[Start of section]
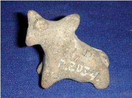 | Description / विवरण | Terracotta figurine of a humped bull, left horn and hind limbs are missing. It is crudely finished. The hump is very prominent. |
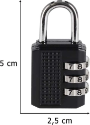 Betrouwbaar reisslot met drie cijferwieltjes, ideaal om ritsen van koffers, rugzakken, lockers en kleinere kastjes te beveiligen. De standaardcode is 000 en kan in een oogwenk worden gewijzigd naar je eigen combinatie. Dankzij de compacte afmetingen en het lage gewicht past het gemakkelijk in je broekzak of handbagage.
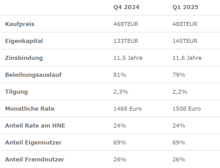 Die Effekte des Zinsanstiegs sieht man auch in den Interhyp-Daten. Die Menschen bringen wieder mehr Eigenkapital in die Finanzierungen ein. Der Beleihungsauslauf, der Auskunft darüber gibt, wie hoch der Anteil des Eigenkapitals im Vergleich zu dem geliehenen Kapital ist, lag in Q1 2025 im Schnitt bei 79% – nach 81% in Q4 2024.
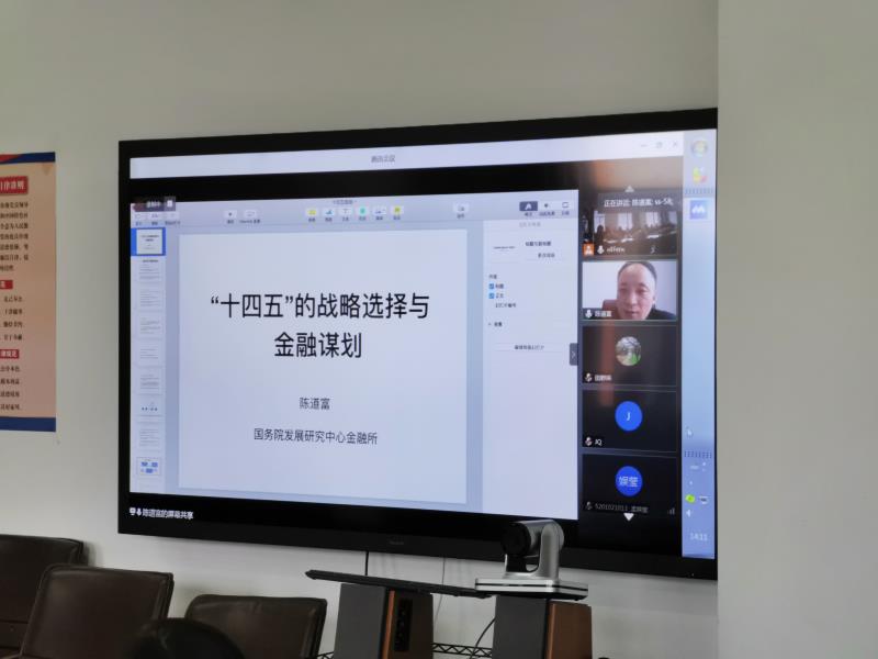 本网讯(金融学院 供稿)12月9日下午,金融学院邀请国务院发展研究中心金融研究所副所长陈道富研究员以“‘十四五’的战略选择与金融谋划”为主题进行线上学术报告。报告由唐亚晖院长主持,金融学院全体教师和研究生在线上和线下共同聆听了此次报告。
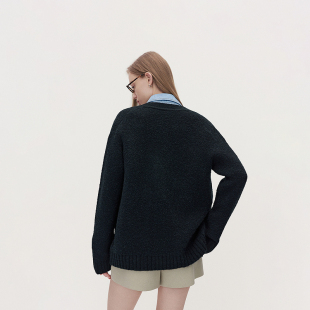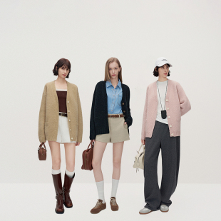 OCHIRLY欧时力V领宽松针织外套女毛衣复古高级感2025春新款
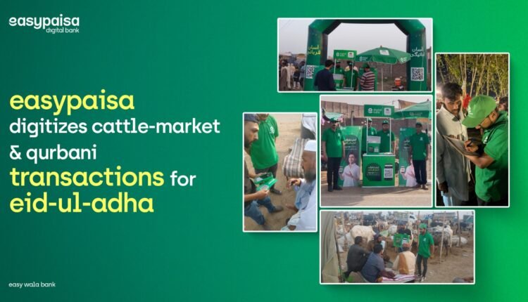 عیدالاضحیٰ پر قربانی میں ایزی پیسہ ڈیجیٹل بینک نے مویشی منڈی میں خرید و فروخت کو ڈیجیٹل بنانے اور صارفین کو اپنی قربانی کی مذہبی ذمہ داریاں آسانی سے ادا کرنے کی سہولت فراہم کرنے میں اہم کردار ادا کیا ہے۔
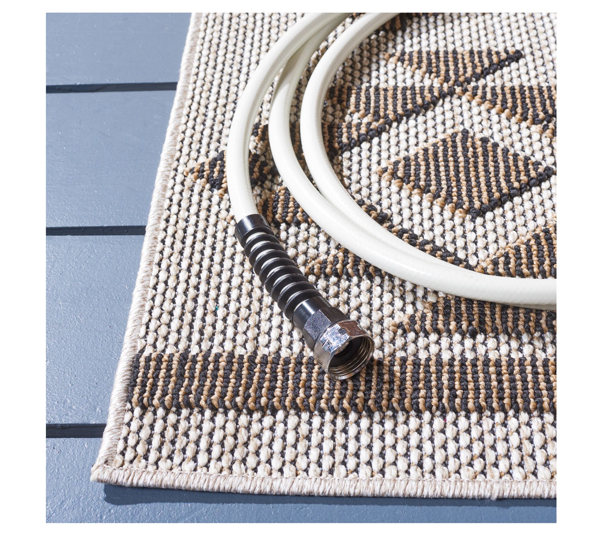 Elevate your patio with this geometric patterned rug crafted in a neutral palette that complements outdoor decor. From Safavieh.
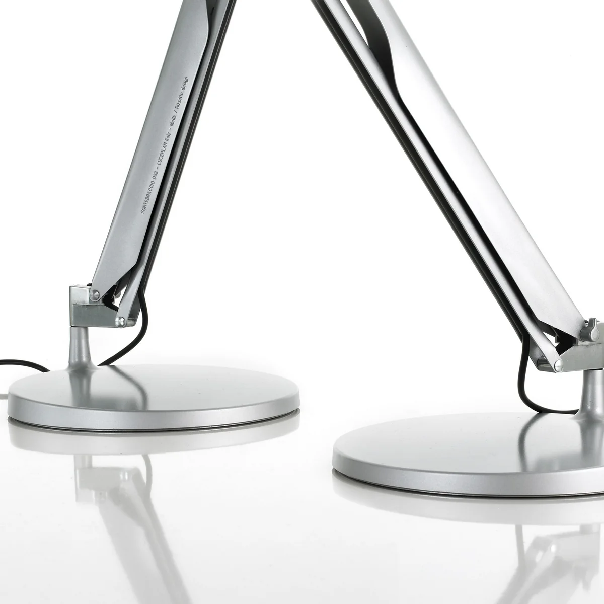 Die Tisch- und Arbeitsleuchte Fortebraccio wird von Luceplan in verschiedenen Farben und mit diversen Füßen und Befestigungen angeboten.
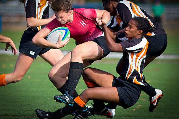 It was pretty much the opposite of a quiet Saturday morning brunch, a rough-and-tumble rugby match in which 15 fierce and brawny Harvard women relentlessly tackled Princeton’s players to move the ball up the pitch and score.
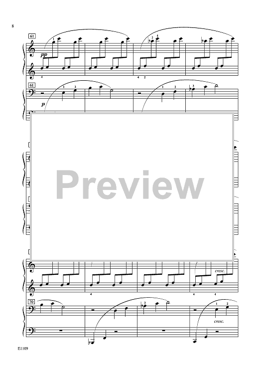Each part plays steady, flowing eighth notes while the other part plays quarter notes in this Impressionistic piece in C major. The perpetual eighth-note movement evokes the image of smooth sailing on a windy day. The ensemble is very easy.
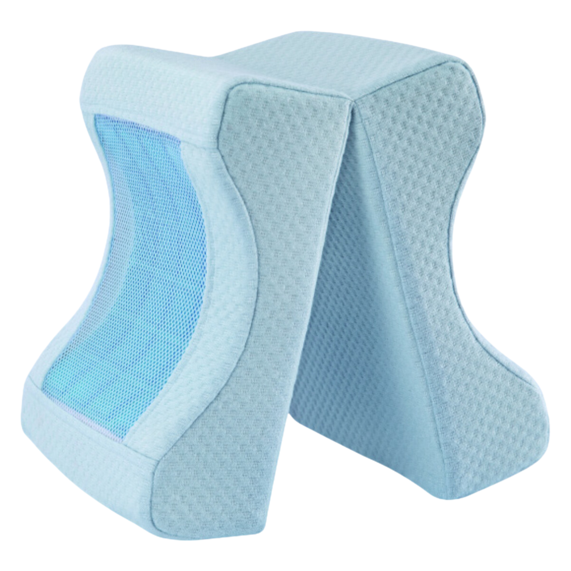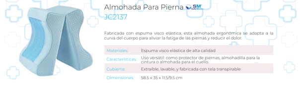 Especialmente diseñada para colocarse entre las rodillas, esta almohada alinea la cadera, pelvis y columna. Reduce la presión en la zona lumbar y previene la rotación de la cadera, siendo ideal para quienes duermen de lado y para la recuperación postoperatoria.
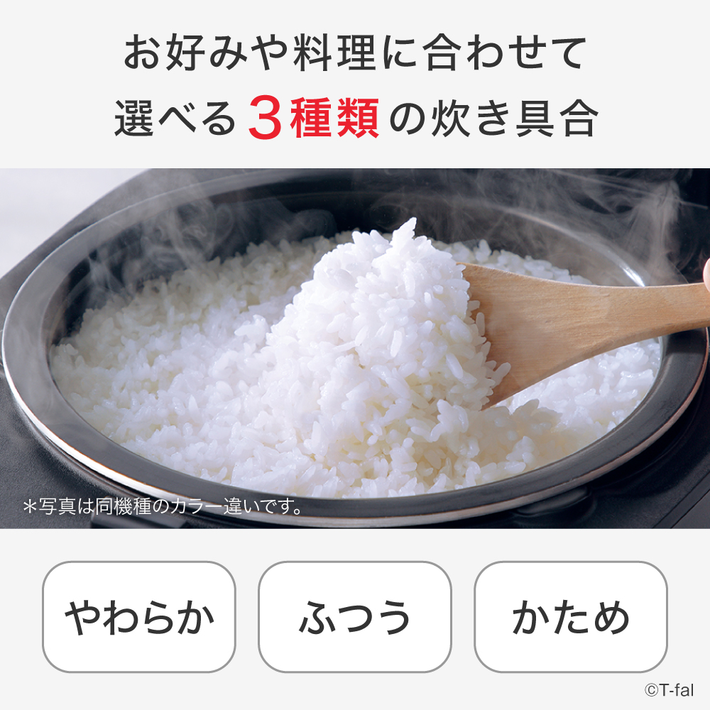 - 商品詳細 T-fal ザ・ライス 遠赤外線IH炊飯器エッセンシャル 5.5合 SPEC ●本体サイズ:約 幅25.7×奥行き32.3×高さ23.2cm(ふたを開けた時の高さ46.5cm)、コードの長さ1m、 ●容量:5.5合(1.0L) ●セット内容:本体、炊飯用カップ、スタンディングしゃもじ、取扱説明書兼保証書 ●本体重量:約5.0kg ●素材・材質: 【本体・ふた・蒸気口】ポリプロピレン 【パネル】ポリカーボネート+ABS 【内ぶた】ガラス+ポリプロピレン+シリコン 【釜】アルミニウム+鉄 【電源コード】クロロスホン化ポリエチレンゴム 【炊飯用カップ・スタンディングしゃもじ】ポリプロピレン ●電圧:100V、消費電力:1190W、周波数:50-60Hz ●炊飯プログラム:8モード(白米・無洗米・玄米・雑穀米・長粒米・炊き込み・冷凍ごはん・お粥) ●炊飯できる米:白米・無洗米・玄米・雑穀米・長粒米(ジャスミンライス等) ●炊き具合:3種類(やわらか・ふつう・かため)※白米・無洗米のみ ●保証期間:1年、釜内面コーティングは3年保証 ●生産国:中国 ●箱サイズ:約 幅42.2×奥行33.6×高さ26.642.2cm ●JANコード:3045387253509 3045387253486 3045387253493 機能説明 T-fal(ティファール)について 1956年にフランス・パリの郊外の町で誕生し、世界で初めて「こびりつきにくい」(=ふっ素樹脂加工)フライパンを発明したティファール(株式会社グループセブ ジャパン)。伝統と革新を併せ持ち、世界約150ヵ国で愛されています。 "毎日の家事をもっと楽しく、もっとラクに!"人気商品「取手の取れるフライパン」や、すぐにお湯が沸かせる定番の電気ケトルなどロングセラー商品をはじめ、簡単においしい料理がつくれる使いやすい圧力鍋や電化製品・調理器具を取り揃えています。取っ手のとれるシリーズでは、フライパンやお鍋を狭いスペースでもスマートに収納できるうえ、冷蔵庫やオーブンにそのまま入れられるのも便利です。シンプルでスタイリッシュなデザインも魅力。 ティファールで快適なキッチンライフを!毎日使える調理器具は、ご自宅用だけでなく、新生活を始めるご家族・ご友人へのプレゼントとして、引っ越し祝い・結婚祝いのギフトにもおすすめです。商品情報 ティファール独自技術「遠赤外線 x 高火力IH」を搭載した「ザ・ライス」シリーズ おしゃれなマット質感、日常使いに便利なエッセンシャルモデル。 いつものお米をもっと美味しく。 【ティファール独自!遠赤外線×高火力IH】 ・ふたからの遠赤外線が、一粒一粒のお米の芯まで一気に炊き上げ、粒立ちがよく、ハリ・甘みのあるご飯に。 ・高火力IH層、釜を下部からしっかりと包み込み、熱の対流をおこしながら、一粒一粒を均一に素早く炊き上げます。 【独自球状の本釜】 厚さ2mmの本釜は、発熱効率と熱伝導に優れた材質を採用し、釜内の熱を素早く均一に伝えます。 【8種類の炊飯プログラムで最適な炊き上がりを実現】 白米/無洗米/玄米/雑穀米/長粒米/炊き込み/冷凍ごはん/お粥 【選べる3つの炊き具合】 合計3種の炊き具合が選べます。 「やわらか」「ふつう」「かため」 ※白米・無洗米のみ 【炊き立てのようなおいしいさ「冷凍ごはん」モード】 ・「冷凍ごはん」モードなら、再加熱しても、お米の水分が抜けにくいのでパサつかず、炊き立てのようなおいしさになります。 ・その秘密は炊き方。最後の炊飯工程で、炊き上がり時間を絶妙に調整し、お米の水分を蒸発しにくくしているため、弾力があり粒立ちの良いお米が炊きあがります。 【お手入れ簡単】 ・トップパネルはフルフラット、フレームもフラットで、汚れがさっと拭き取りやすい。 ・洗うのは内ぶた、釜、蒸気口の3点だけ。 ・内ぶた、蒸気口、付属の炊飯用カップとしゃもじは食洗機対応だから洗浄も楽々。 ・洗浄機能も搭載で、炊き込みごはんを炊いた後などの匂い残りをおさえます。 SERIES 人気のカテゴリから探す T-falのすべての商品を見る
[End of section]
Could you repeat, exactly, only the lines above starting at the one that has "It was pretty" and stopping after the one that has "Especialmente diseñada para", without the pictures?

 It was pretty much the opposite of a quiet Saturday morning brunch, a rough-and-tumble rugby match in which 15 fierce and brawny Harvard women relentlessly tackled Princeton’s players to move the ball up the pitch and score.
Each part plays steady, flowing eighth notes while the other part plays quarter notes in this Impressionistic piece in C major. The perpetual eighth-note movement evokes the image of smooth sailing on a windy day. The ensemble is very easy.
 Especialmente diseñada para colocarse entre las rodillas, esta almohada alinea la cadera, pelvis y columna. Reduce la presión en la zona lumbar y previene la rotación de la cadera, siendo ideal para quienes duermen de lado y para la recuperación postoperatoria.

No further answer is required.